» TASK BRIEF:
Extract the lines beginning at the one that holds "Check out this" and ending at the final line of the material below, keeping them exact and leaving out all pictures.

-------- COLLECTED DATA --------

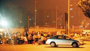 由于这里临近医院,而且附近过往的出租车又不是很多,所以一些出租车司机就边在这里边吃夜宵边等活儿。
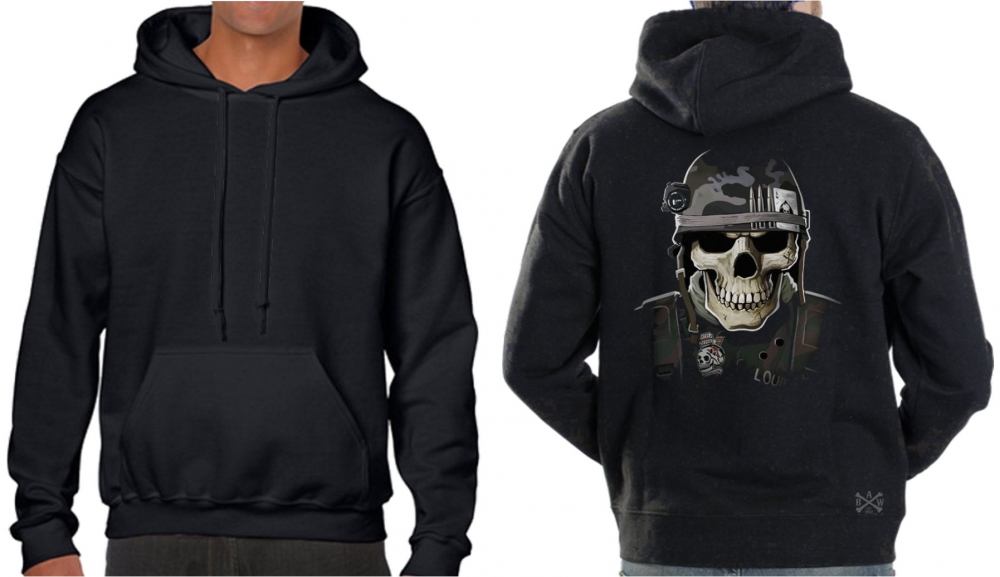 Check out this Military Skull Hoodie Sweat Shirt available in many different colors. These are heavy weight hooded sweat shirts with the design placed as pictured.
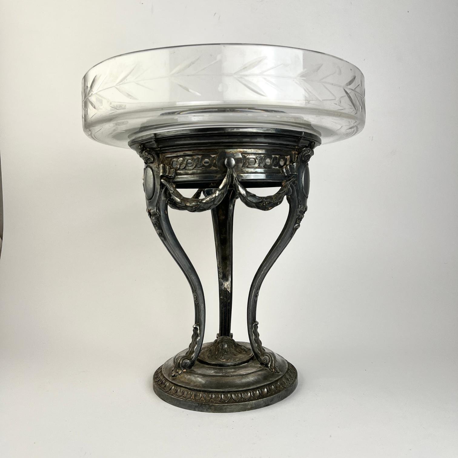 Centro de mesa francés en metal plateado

--------

» SOLUTION FOR THIS PROBLEM:
 Check out this Military Skull Hoodie Sweat Shirt available in many different colors. These are heavy weight hooded sweat shirts with the design placed as pictured.
 Centro de mesa francés en metal plateado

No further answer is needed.